30 November 2005

going around and coming around

Great news—my girl Kelly found a job, my girl Zoe has been chosen to represent in the Whitney Biennial, I started making photographs in earnest again, and I get to work only 4 miles from my house—no more driving (though I will miss the compellingly terrible Andrea Lewis and the sublimely crazy Dennis Bernstein)! They have gotten me through the commuting these past months, but hey, at least both shows now have Podcasts (and I have an iPod that I'm going to learn to download to one day).

2005 has sucked for more of us than George Clooney, but there have been glimmers.

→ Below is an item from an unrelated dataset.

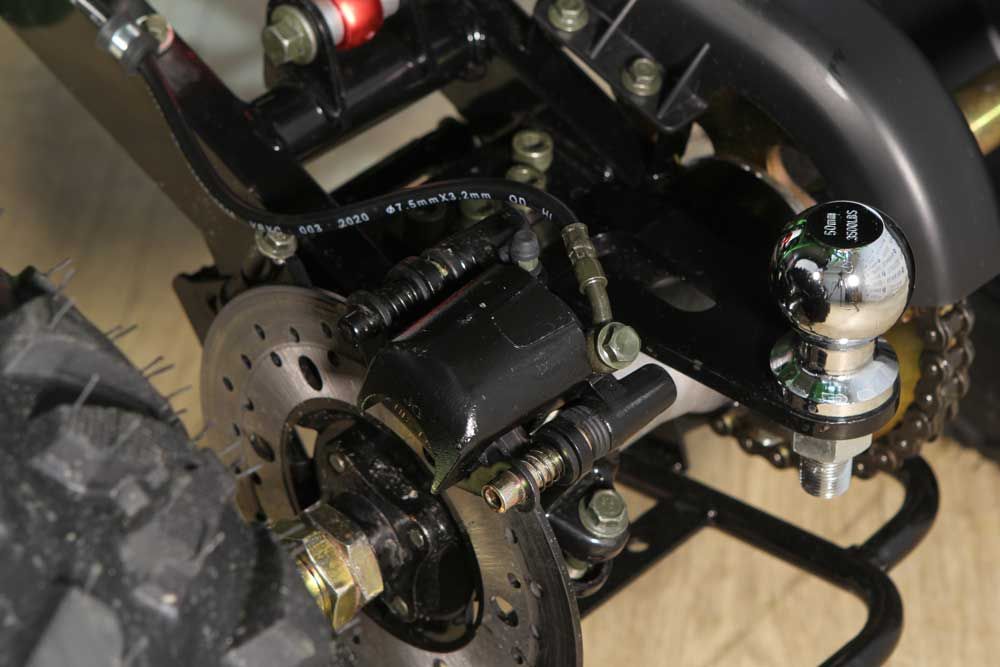 Для того, чтобы максимально обезопасить важные узлы и корпус, на квадроцикл Авантис Хантер 200 установлены мощный кенгурятник и армированные тормозные шланги. Также комплектация включает чеку аварийной остановки двигателя и ограничитель скорости, поэтому, предварительно выбрав нужные настройки, управление техникой можно доверить даже подростку.

Oh, and little Luc is home recovering nicely from his surgery.

16 November 2005

you know your job is, um, slow when...

...getting a cup of tea constitutes something exciting to do. Walk to the kitchen, select the bag, place in glass, pour hot water, walk back, sip...

13 November 2005

positive energy


My dear friends' infant son is having open heart surgery tomorrow, and they sent this plea out to their friends, and I figured it couldn't hurt to ask a few more folks:

Tomorrow (8 a.m. - 2 p.m. PST)...Whatever it is that you do that feeds your spirit—meditate, chant,pray, run, ride, walk, work, climb, cook, garden, sing, laugh, love, etc.—will you do a little of it for Luc tomorrow? After all, a little more positive energy in the universe can't be bad.

07 November 2005

this is when i love art (and this is when I don't)

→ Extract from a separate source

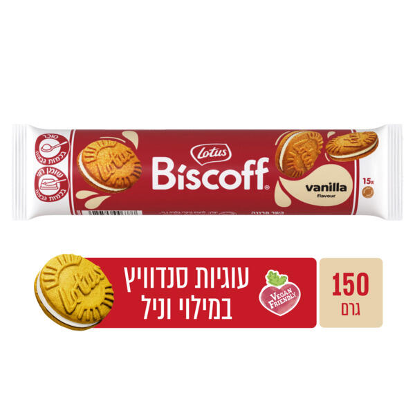 עוגיות סנדוויץ לוטוס בטעם קרמל במילוי וניל 150 ג

Check out Bill Fisher and Richard Lou's "Missing Stereotypes" project about runaway race-baiter Jennifer Wilbanks @ http://billfisher.dreamhost.com/nohate.html. It's smart work that was censored courtesy of friends of the Wilbanks family. A comment on their site excerpted from a letter to the Gainseville Times:

I guess racism, like beauty, is in the eye of the beholder.
Wow. Yeah, sure, racism is just like beauty—it's revered in this culture, and it's everywhere.
I've been having a related discussion with a couple of black students this semester whose fellow students refuse to discuss race in the context of their work. If there aren't "signs" of blackness, then they have no context for talking about race as it relates to their imagery or, my favorite, they tell them this discussion happened in the '90s—over and done with—move on (never mind these women were children then but, hey, they need to stop experiencing the world as black women!).
In other words, talk about nothing in your work (so popular these days) but don't talk about the R-word. No gallery will want you.